You think these things and you don’t know, because people see what they

want to see—quick to dismiss—fast to deride—rapid to discount—

I won’t tell you about my mixed genes, because they’re not OBVIOUS

to you—you—who has already written me off—as white privilege—

I won’t tell you about being Sephardi and Mizrahi, the ancestors

walking through Egypt, Africa, not ten times removed but one—

just because you need to judge me, put me in a box, tie me with a ribbon

that says: boring, ordinary, average, unremarkable—had your time

give others a chance—I agree—I agree—I agree—but

at what expense? Why become the very thing kept you down?

#WhiteGuilt turning corrupt things inside out

the dehumanizing condescension of white fragility*

Why embrace bigotry and reverse discrimination and own assumption

just because for generations people who might have resembled me

did this to you? Resemblance is a facade, Two wrongs make no right—if they tested our blood

quantum I’d have equal African blood, Hispanic blood,

underneath my colorless skin—it’s just how it turned out—flip the coin

your skin is light—your skin is dark—ancestral lottery—people don’t

always look what they are—why do you assume you know? Isn’t that

just like when you walked into a room and everyone shunned you

because they were racist and you were daring to live without peturbment.?

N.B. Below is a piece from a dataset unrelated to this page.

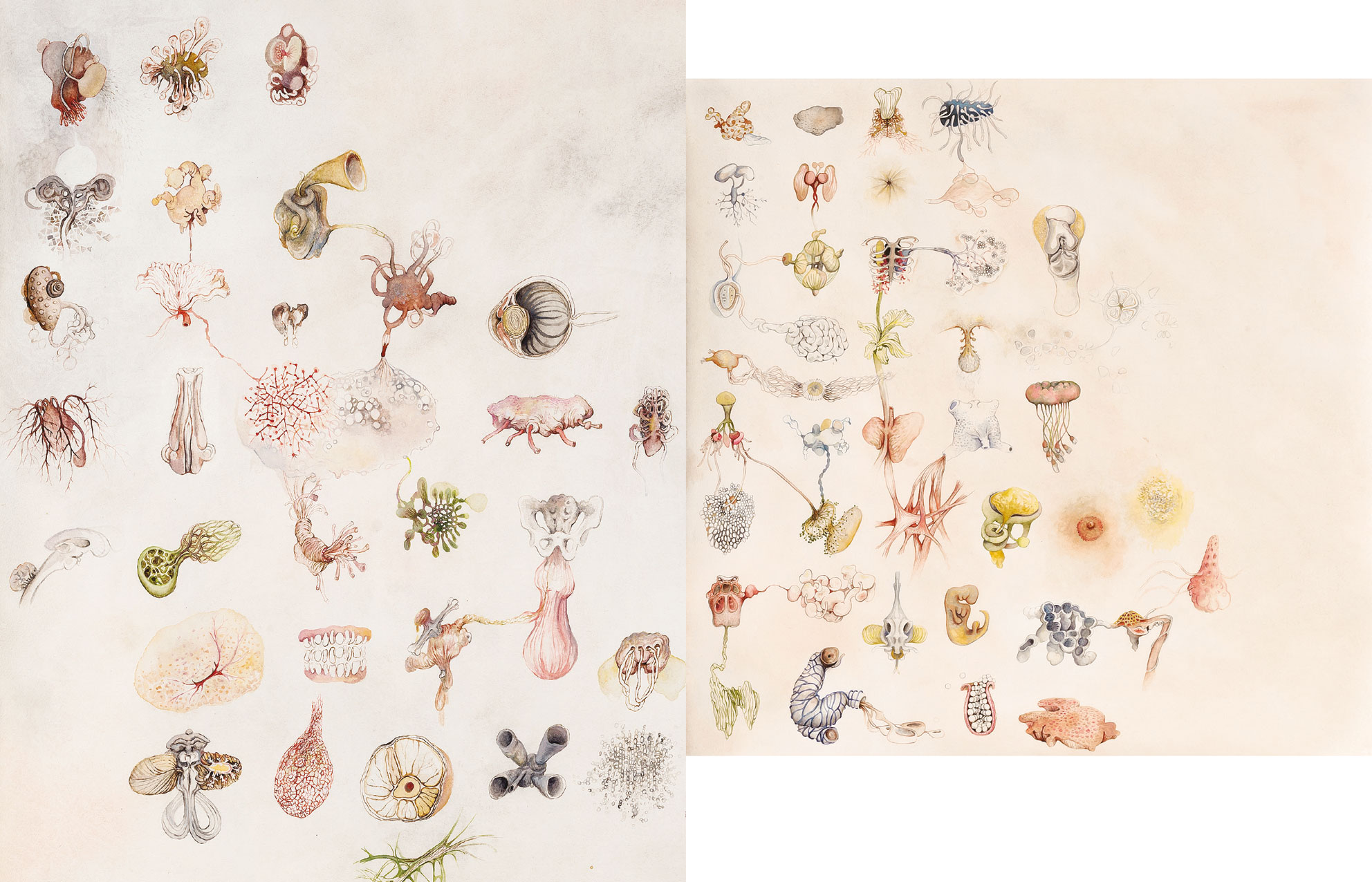 Wie eine »Bricolage«, die aus unterschiedlichen Versatzstücken etwas Neues schat, funktionieren viele ihrer Arbeiten, in denen sie aus Ton, Gips, Transparentpapier, Draht oder Latex scheinwissenschaftliche Objekte und Dokumente erschat, welche aus den Sammlungen von Forschungsreisenden, aus aufgelassenen Laboren und frühen naturkundlichen Museen stammen könnten. Bei näherem Betrachten aber sind es wild wuchernde und im besten Sinne zusammengebastelte Assoziationsballungen, die Disparates ebenso vereinen, wie sie es wieder zerfallen lassen. In das Spannungsfeld von Zerfall und Wachstum stellt sie auch die große Installation »Störfall« in der Pfeilerhalle der Rathausgalerie.

they wanted to tear you down, you stood up and said “NO NO NO I’m

not going to be your victim,” you marched, you still march, I march with

you but you—cut your eye—leave me out—dismiss any value because

I don’t look like what I am—why should it matter? We are all different

some of us carry our color on the inside—you called my friend an Oreo

for not having a Latino accent—her mother grew up in Mexico—

why does it matter? My friend was told she was too light-skinned

“your mama must have had a cracker,” no, her grandfather had light

skin it’s just, it’s just, it’s just, how it’s been—but people see what

they want to see—they see me reading; English accent even as Egyptian/French

—what does it matter? Well it does if you walk into a room and people

turn up their noses because of your melanin—agreed—yet judging isn’t the answer

hating me for being thin without knowing (I am sick, it isn’t anorexia, I would love to drink coffee

and eat brie sandwiches with you but I can’t) —it may

be just who I am—always—was—is—me. No shame but when I open my

mouth and switch on the camera—blushing—knowing—you will judge me

declare me wan, overblown, boring, underwhelming, just another ordinary over-exposed

person of privilege—wrong, wrong, wrong—we’re all wrong to judge

comes in different shapes and sizes—some subtle, some loud, some corrupted

by quiet hatred, exclusion, removal, reversing old forms of hatred—turning

progress into blood lust—just so you know I’m none of those—what you think I am—wrong—

but if I was? Not all accents, body-shapes, skin colors or lack

thereof—are oppressors, privileged, gilded, what you believe you know about me

why don’t you try asking? Not assuming

instead of thinking you’re

not as bad as they were to you

when they dismissed and switched



7 Replies to “People see what they want to see”

  1. The truth, in any given moment, of any human being is surely deeper, stranger, and more interesting than even they can know, let alone anyone else who believes they already know it from just looking. What might our world become if humans adopted those powerful words, “I don’t know the truth of you.” in every encounter with another?

  2. It is enough to make one consort only with other species… It’s only fair that we turn that judgement back on the ones who judge us. And as Bob commented, how simple it would be just to meet everyone with that acknowledgment of ignorance? In Japanese when you meet someone you say “Yoroshiku” which translates loosely as “Be kind to me”. We need to raze our habits to that base level of kindness.

  3. You are quite right that the judgment needs to end with first glances. Our DNA will always tell a different story. At the very least, people who judge should only do it in their heads, and we, as individuals, will hopefully not judge ourselves at all. I think the air around us might smell a little sweeter. As usual, you’ve nailed your point, and with such passion. <3 Wonderful, Candy!